Diktatorische WHO-Reform strauchelt – Hauseigenes Prüfkomitee lehnt Änderungen ab

6 Kommentare

  1. federkiel 1. März 2023 at 9:06Antworten

    Es ehrt Frau Berendt, daß sie das analysiert hat, nur diese Global Health Responsibility Agency ist eine NGO, grad mal 2 Jahre alt, also wen von offizieller Seite kümmert das?
    Das Mindeste wäre doch, dazu eine Presseaussendung zu machen, oder das Elaborat an die zuständigen österreichischen Vetreter in der WHO zu schicken oder den Gesundheitsminister, oder wer auch immer dafür zuständig ist. Auch an diverse Medien,
    wobei mir die Wiener Zeitung am ehesten empfänglich erscheint. Dann kann keiner sagen, er hätte es nicht gewußt.

  2. Stunning Greenhorn 1. März 2023 at 7:35Antworten

    Mir ist aufgefallen: “Die Zulassung, Herstellung und Anwendung von Arzneimittel soll bereits im Vorfeld einer Gesundheitskrise gelockert werden.” Es genügt demnach, wenn ein Pandemieprophet wie Gates seine greise Hand hebt, um den Arzneimittelherstellern und Gesundheitssystemem Narrenfreiheit zu gewähren. Die vergangenen drei Jahren haben gezeigt, dass nicht einmal eine Pandemie erforderlich ist, damit die Maschinerie anläuft, die greise Hand genügt.

  3. Andreas N 1. März 2023 at 7:16Antworten

    Der lobgesang auf der eu-website über gründe und ziele dieser reform ist unerträglich. Wer aus falschen annahmen und selbstverschuldeten politischen maßnahmen eine pandemie konstruiert, kann nur zu noch schlechteren lösungen finden. Wenn “gemeinam” draufsteht ist es mit der meinungsfreiheit vorbei, das wissen wir ja bereits.
    Nicht besprochen hingegen wird der verlust der nationalen souveränität sowie die grundrechtsverluste jedes einzelnen bürgers.
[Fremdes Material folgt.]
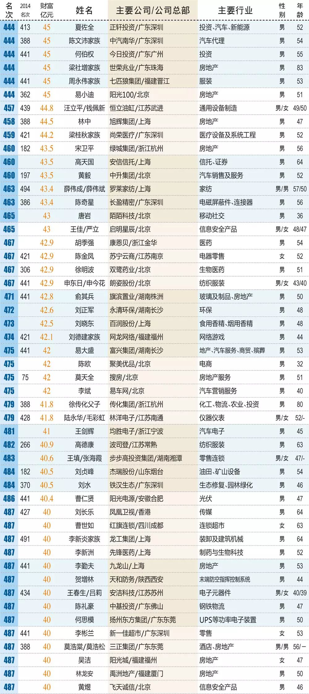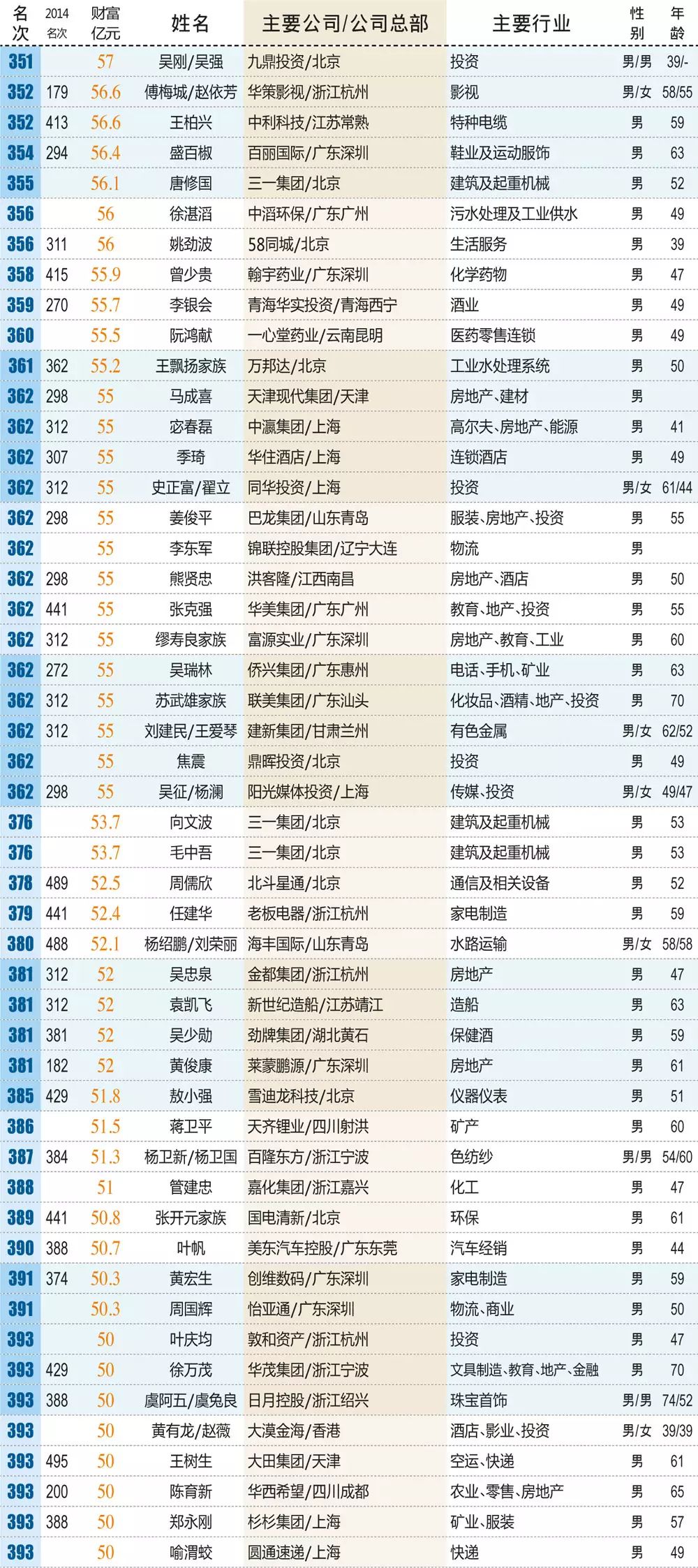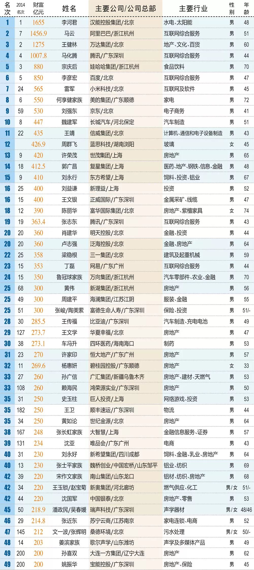 1 ~" C1 o0 \3 F% w: W& S2015新财产500富人榜榜单0 S. c4 S& M& {. _: V# V: Y

Allein das setzt jede alarmglocke in bewegung.
    Die aussagen von pascal najadi beim mwgfd-symposium gestern abend unbedingt anhören, er kündigte auch ein gespräch bei auf1 zum gleichen thema an. Gut, dass wir die neuen medien haben, danke tkp!
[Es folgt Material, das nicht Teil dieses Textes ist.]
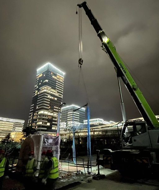 大型吊车、叉车双管齐下,工作人员深夜奋战
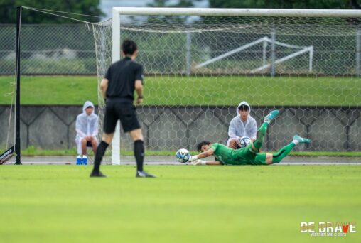 雨でスリッピーなピッチ状況&手前でバウンドする鋭いシュートだったが、これを森がファインセーブ🙌
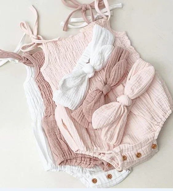 Летняя одежда для новорожденных Одежда для маленьких девочек из хлопка и льна Боди без рукавов однотонное Полосатое боди повязка на голову, комплект детской одежды
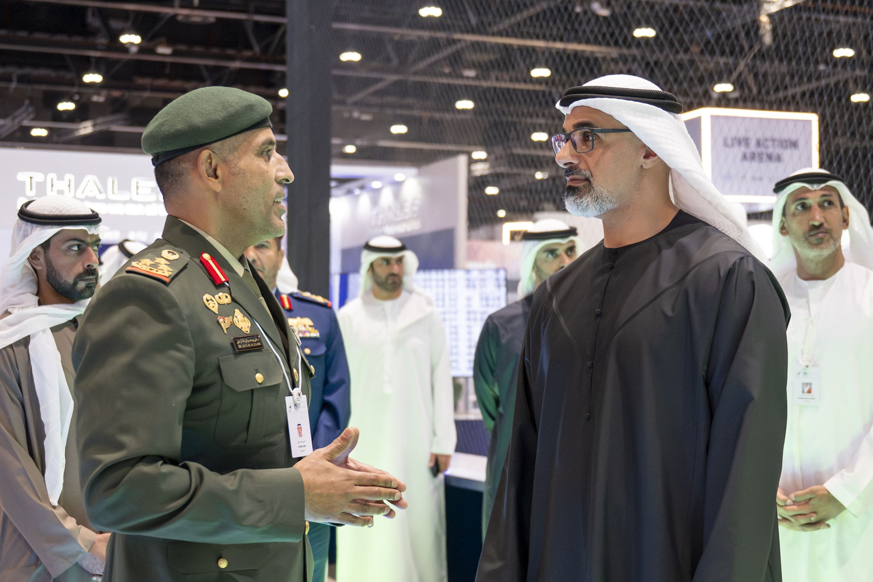 رافق سموّه، خلال الزيارة، سمو الشيخ زايد بن محمد بن زايد آل نهيان، والشيخ خليفة بن طحنون بن محمد آل نهيان، رئيس ديوان ولي عهد أبوظبي؛ ووزير الصناعة والتكنولوجيا المتقدمة الدكتور سلطان بن أحمد الجابر، ووزير الدولة لشؤون الدفاع محمد بن مبارك فاضل المزروعي، ومستشار الشؤون الأمنية في ديوان ولي عهد أبوظبي غانم سلطان أحمد السويدي، والعضو المنتدب والرئيس التنفيذي لمجموعة "أدنيك" حميد مطر الظاهري، ورئيس اللجنة المنظمة لمعرضَي "يومكس" و"سيمتكس" 2026 العميد الركن محمد عبيد المرشودي.
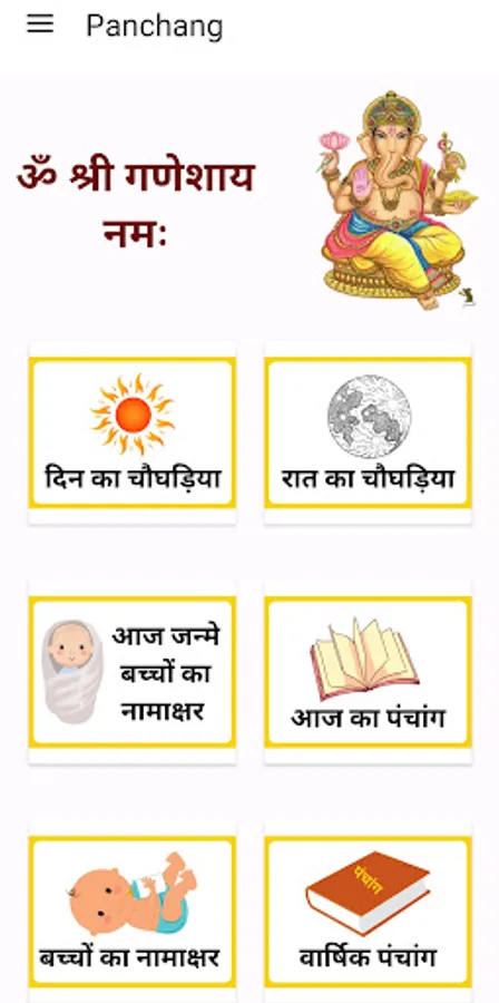 पंचांग app के माध्यम से आप पंचांग, चौघड़िया, बच्चों का नाम अक्षर, व्रत कथा , ज्योतिष की जानकारी इत्यादि देख सकते हैं
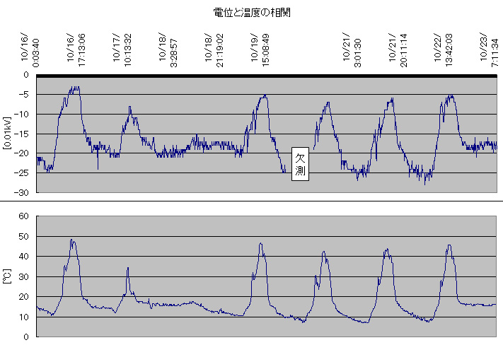 自転と公転の関係はともかく、電位の変化はやはり温度変化のせいでした。
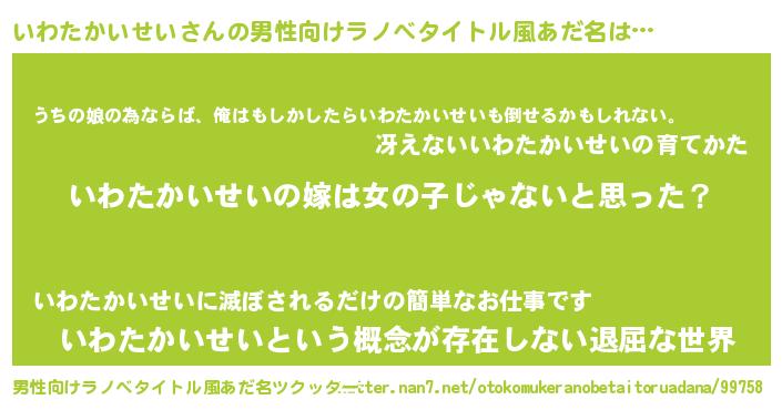 | 胡散臭い通販商品みたいなあだ名 | 『全米が絶賛したサプリメント…その名も「いわたかいせい」』 |

  4. therMOnukular 28. Februar 2023 at 23:26Antworten

    Scheint die Öffentlichkeit auch wenig zu interessieren…..;))

    Vor 25 Jahren habe ich zum 1. Mal versucht zu antizipieren, ob es sich in meinem Lebenszyklus noch ausgeht, dass mir die nächste Implosion der Gesellschaft ins Totalitäre erspart bleibt. Ich war damals der Meinung, dass es sich knapp ausgehen müsste, bzw, dass ich dann schon alt genug sein werde um zu sagen “ich habe mein Leben gehabt”.

    Die Geschehnisse seit 2020 haben diese “Berechnungen” über den Haufen geworfen. Seither hoffe ich nur noch, dass es möglichst schnell über die Bühne geht, vlt. geht sich dann noch ein netter Lebensabend aus, samt Ehrenmedaille & Denkmal natürlich. Und ich freue mich schon darauf, Schulkindern dann zu erzählen, wie es damals wirklich war. ;))

    Vlt schafft es diese Welt endlich einmal, VOR der absoluten Katastrophe aufzuwachen, um wenigstens nicht wieder bei quasi 0 beginnen zu müssen wie nach ’45 oder gar noch schlimmer im Falle nuklearer Zerstörung. So wie die Welt gerade drauf ist, kann man leider nichts mehr ausschließen.

    • Mine 1. März 2023 at 2:40Antworten

      So ähnliche Gedanken hatte ich auch schon. ;-) Es geht sich auch bei mir leider nicht aus.

      Die Geschichtsschreibung ist ebenso subjektiv und verdrehend wie die Lügenpresse, besonders, wenn es sich um Ereignisse handelt, die noch nicht so lange her sind. Das bedeutet, Putin ist schuld.

  5. Jurgen 28. Februar 2023 at 23:03Antworten

    Da hilft nur die vollständige Kündigung des Vertrages mit der WHO!